TASK BRIEF: Please restate the entries verbatim. The copy should hold no pictures.

Data items
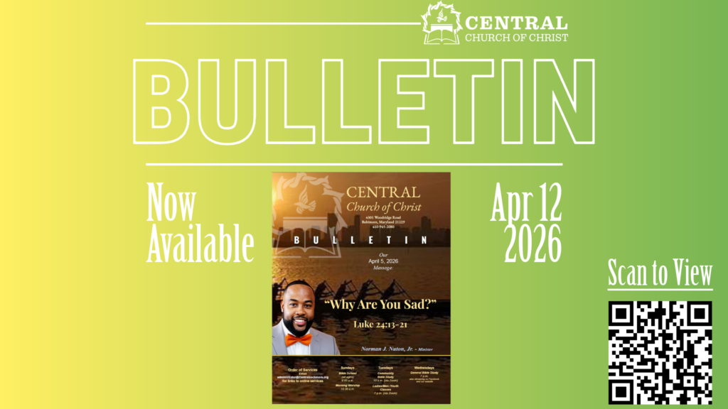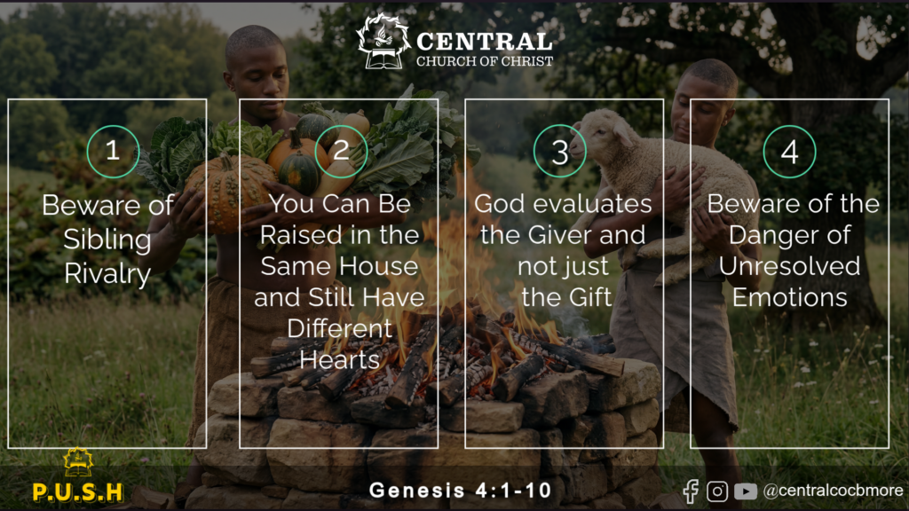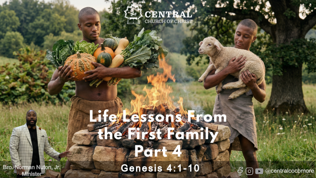 This Sunday Central’s minister, Bro. Norman Nuton, Jr., delivered a sermon derived from Genesis 4:1-10 and titled “Life Lessons From the First Family, Part 4”. If you missed it or want to listen in again, click the link below to view the recording of this week’s worship service on YouTube. For further edification, check out this week’s Sunday School lesson as well!
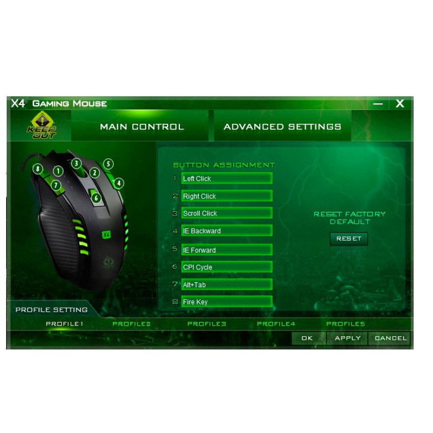 El X4 es un Gaming Mouse que se centra en las necesidades esenciales de los jugadores que requieren gran cantidad de botones programables para ser los mejores en los juegos. Funciona con el nuevo sensor óptico Avago 5050 de extrema calidad, ajustable en 4 niveles de DPI, sus valores están comprendidos entre 600-2500DPI, puede ser fácilmente identificado por sus indicadores de la luz laterales. Con sus 8 botones programables, los usuarios pueden guardar hasta 8 macros diferentes en cada uno de sus cinco perfiles. Esta información se almacena en la memoria interna del X4, que permite a los usuarios utilizar sus ajustes preferidos en diferentes equipos sin volver a instalar el software o reconfiguración. El X4 es ambidiestro y adecuado para todo tipo de los jugadores.
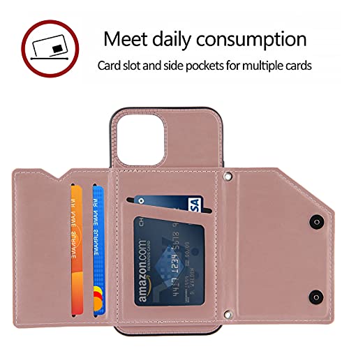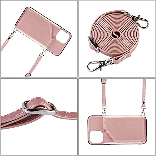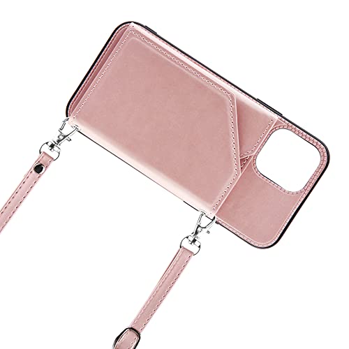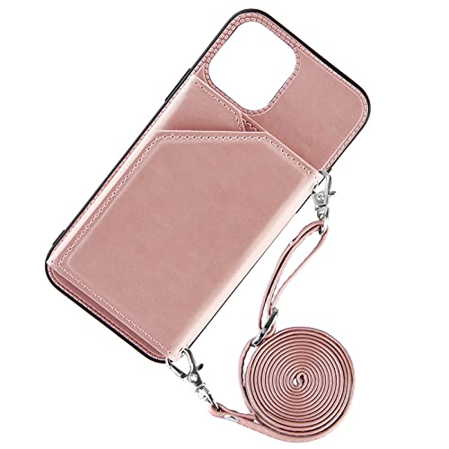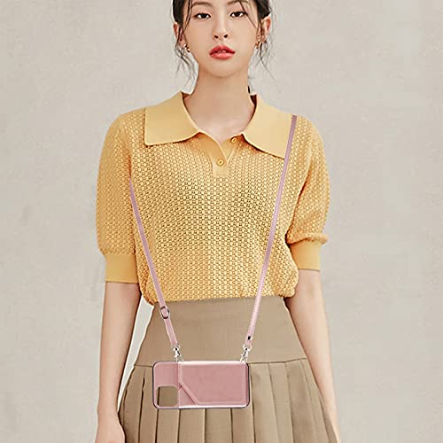 HSRWGD - Shoulder Strap Case for iPhone 13 6.1 inch Lanyard Wallet Case, Cross-Body Girly Bumper Cover (Rose Gold,iPhone 13)
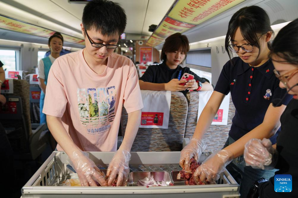 A passenger (L) tries to prepare Qiqihar barbecue on train D6993 in northeast China's Heilongjiang Province, June 18, 2025. A Qiqihar barbecue cultural experiencing event was held Wednesday on bullet train D6993 running from Harbin West Railway Station to Qiqihar South Railway Station in Heilongjiang Province, offering a rich travel experience to passengers during the journey. (Xinhua/Wang Song)
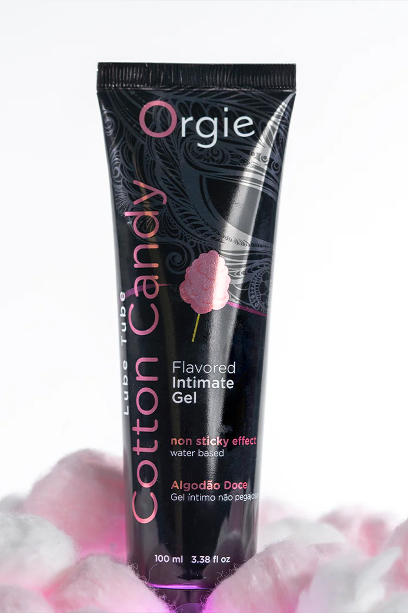 La marque Orgie propose Lube Tube Cotton Candy, en tube de 100 ml, un gel intime embrassable (le top pour le sexe oral) à base d'eau, longue durée et délicieusement parfumé à la barbe à papa.
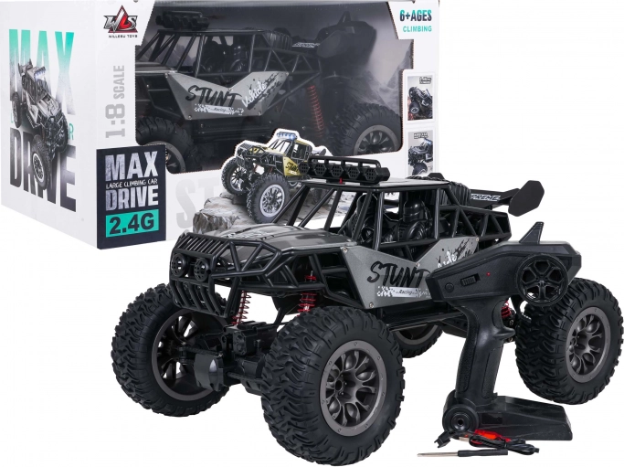 Geniet van actievolle offroad-ritten met de RC-crawler in schaal 1:8. De metalen carrosserie en veerophanging zorgen voor hoge duurzaamheid, terwijl grote, antislip banden met diep profiel uitstekende tractie bieden op grind, gras en zand. De 2,4 GHz-controller biedt vloeiende besturing zonder storingen en een bereik tot 50 meter.
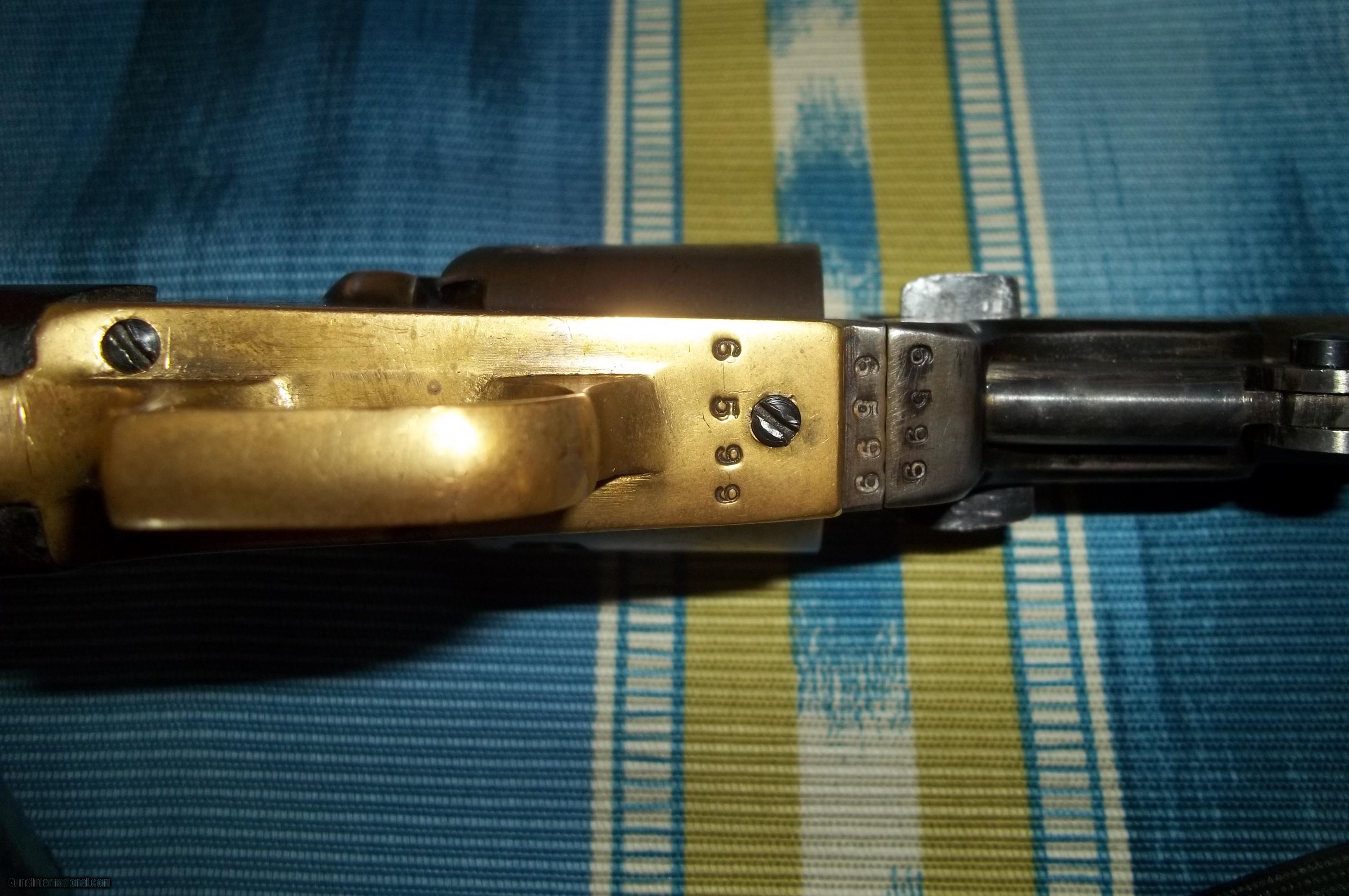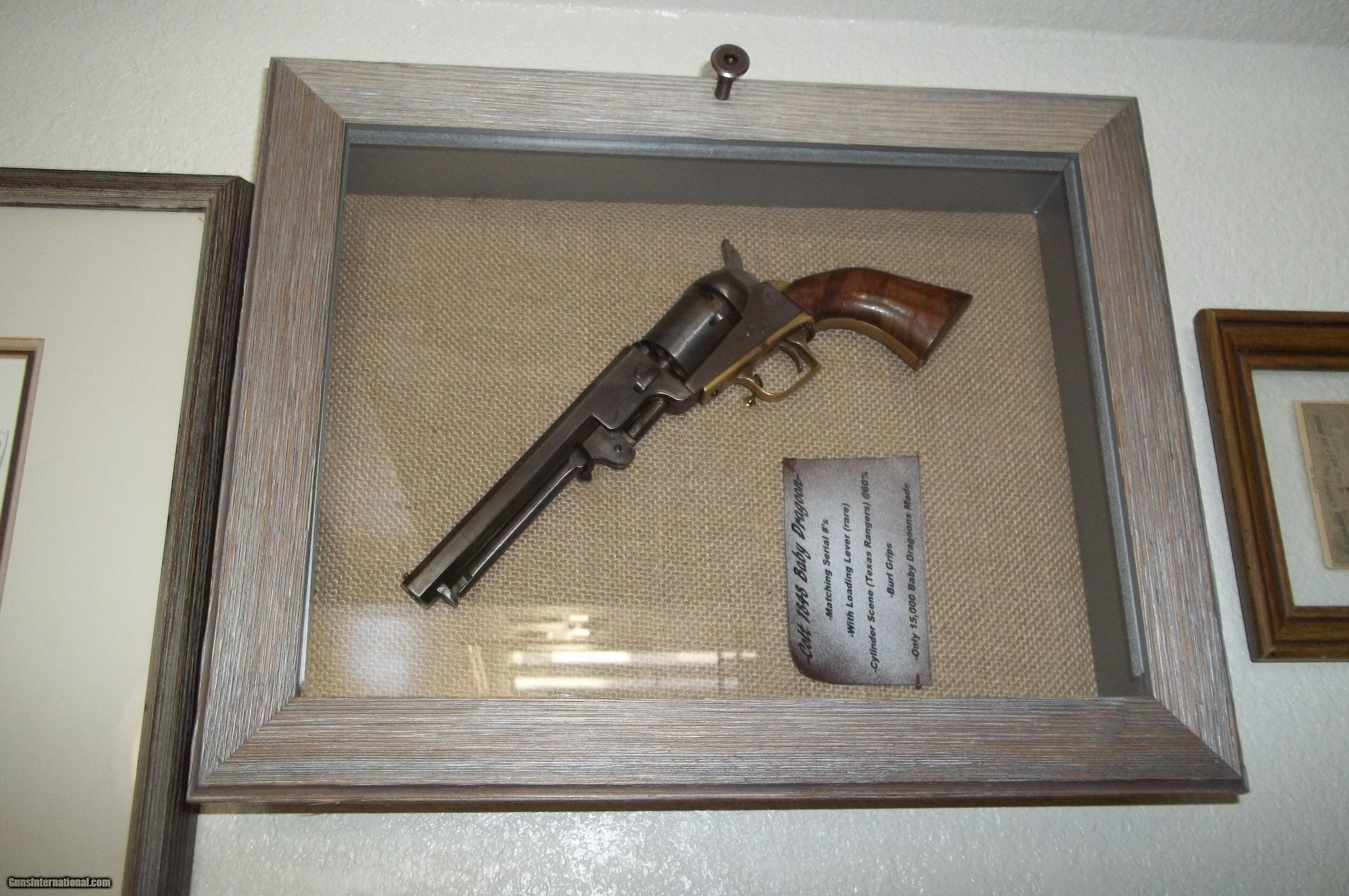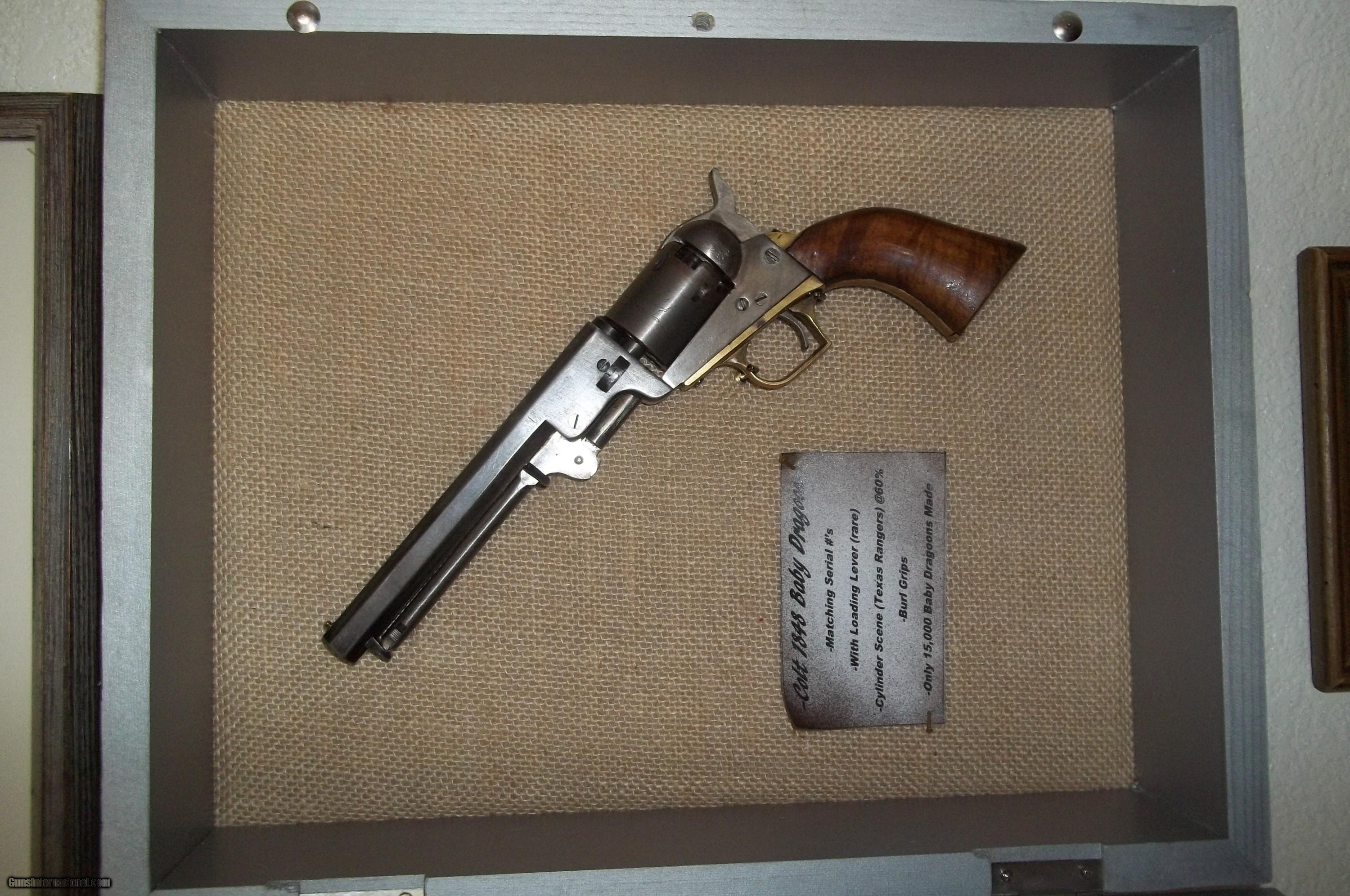 Description: 1848 Colt Baby Dragoon .31 caliber with early serial #6599 (only about 15,000 made) with 6” barrel. Matching numbers including wedge. Has rare loading lever. Address barely visible. A handsome old gun and a fine representation of the model with an even patina, case hardened areas and virtually no exterior pitting but appears in areas to have been buffed. Original burl grips in fine condition. Cylinder scene clearly visible (Texas Ranger and Indian fight as on early examples). Good bore and rifling with tight mechanicals. A unique example including display case. $4,850-including shipping. No FFL required. As with all vintage weapons if buyer desires to fire, it should be inspected by a gunsmith to certify safety. Cashier’s check or money order payable to Collector and Investment Arms L. L. C.. SOLD Antique: Yes Manufacturer: Colt Model: 1848 Baby Dragoon Caliber Info: .31 |

ANSWER BOX:
 This Sunday Central’s minister, Bro. Norman Nuton, Jr., delivered a sermon derived from Genesis 4:1-10 and titled “Life Lessons From the First Family, Part 4”. If you missed it or want to listen in again, click the link below to view the recording of this week’s worship service on YouTube. For further edification, check out this week’s Sunday School lesson as well!
 El X4 es un Gaming Mouse que se centra en las necesidades esenciales de los jugadores que requieren gran cantidad de botones programables para ser los mejores en los juegos. Funciona con el nuevo sensor óptico Avago 5050 de extrema calidad, ajustable en 4 niveles de DPI, sus valores están comprendidos entre 600-2500DPI, puede ser fácilmente identificado por sus indicadores de la luz laterales. Con sus 8 botones programables, los usuarios pueden guardar hasta 8 macros diferentes en cada uno de sus cinco perfiles. Esta información se almacena en la memoria interna del X4, que permite a los usuarios utilizar sus ajustes preferidos en diferentes equipos sin volver a instalar el software o reconfiguración. El X4 es ambidiestro y adecuado para todo tipo de los jugadores.
 HSRWGD - Shoulder Strap Case for iPhone 13 6.1 inch Lanyard Wallet Case, Cross-Body Girly Bumper Cover (Rose Gold,iPhone 13)
 A passenger (L) tries to prepare Qiqihar barbecue on train D6993 in northeast China's Heilongjiang Province, June 18, 2025. A Qiqihar barbecue cultural experiencing event was held Wednesday on bullet train D6993 running from Harbin West Railway Station to Qiqihar South Railway Station in Heilongjiang Province, offering a rich travel experience to passengers during the journey. (Xinhua/Wang Song)
 La marque Orgie propose Lube Tube Cotton Candy, en tube de 100 ml, un gel intime embrassable (le top pour le sexe oral) à base d'eau, longue durée et délicieusement parfumé à la barbe à papa.
 Geniet van actievolle offroad-ritten met de RC-crawler in schaal 1:8. De metalen carrosserie en veerophanging zorgen voor hoge duurzaamheid, terwijl grote, antislip banden met diep profiel uitstekende tractie bieden op grind, gras en zand. De 2,4 GHz-controller biedt vloeiende besturing zonder storingen en een bereik tot 50 meter.
 Description: 1848 Colt Baby Dragoon .31 caliber with early serial #6599 (only about 15,000 made) with 6” barrel. Matching numbers including wedge. Has rare loading lever. Address barely visible. A handsome old gun and a fine representation of the model with an even patina, case hardened areas and virtually no exterior pitting but appears in areas to have been buffed. Original burl grips in fine condition. Cylinder scene clearly visible (Texas Ranger and Indian fight as on early examples). Good bore and rifling with tight mechanicals. A unique example including display case. $4,850-including shipping. No FFL required. As with all vintage weapons if buyer desires to fire, it should be inspected by a gunsmith to certify safety. Cashier’s check or money order payable to Collector and Investment Arms L. L. C.. SOLD Antique: Yes Manufacturer: Colt Model: 1848 Baby Dragoon Caliber Info: .31 |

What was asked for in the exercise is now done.